- [Prompt]
As output, give the exact lines from the one containing "Culte d'actions de" through the end of the listing below, both included, without the pictures.

- [Data block]
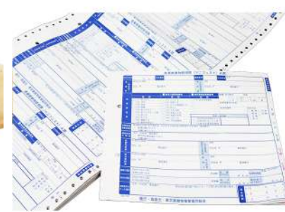
マニフェスト伝票 (産業廃棄物管理票)
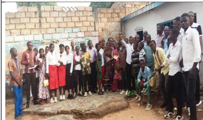
Culte d'actions de grâce avec les jeunes 20 ème anniversaire FJC
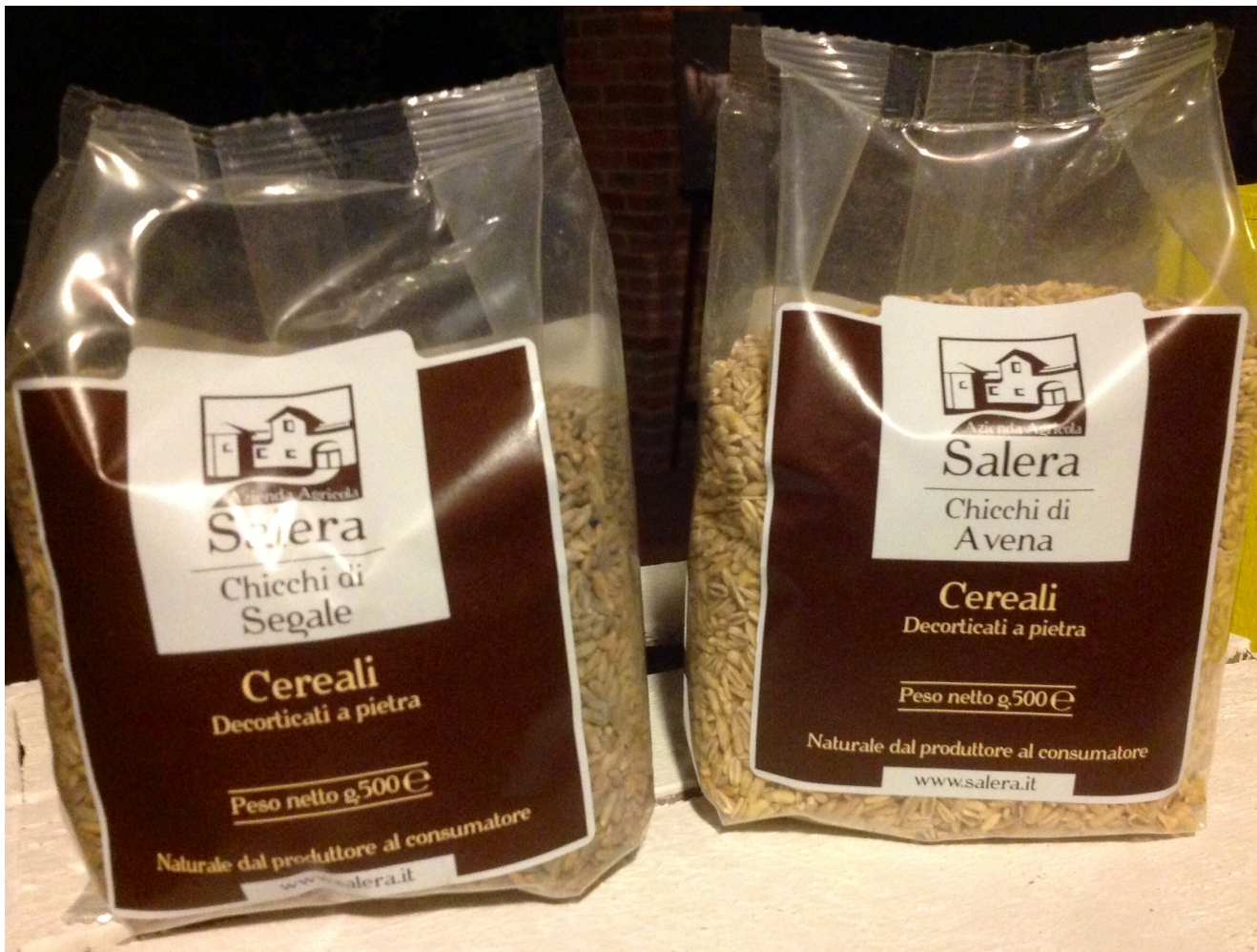
(Azienda Agricola Salera a Garlasco (PV

- [Task output]
Culte d'actions de grâce avec les jeunes 20 ème anniversaire FJC
(Azienda Agricola Salera a Garlasco (PV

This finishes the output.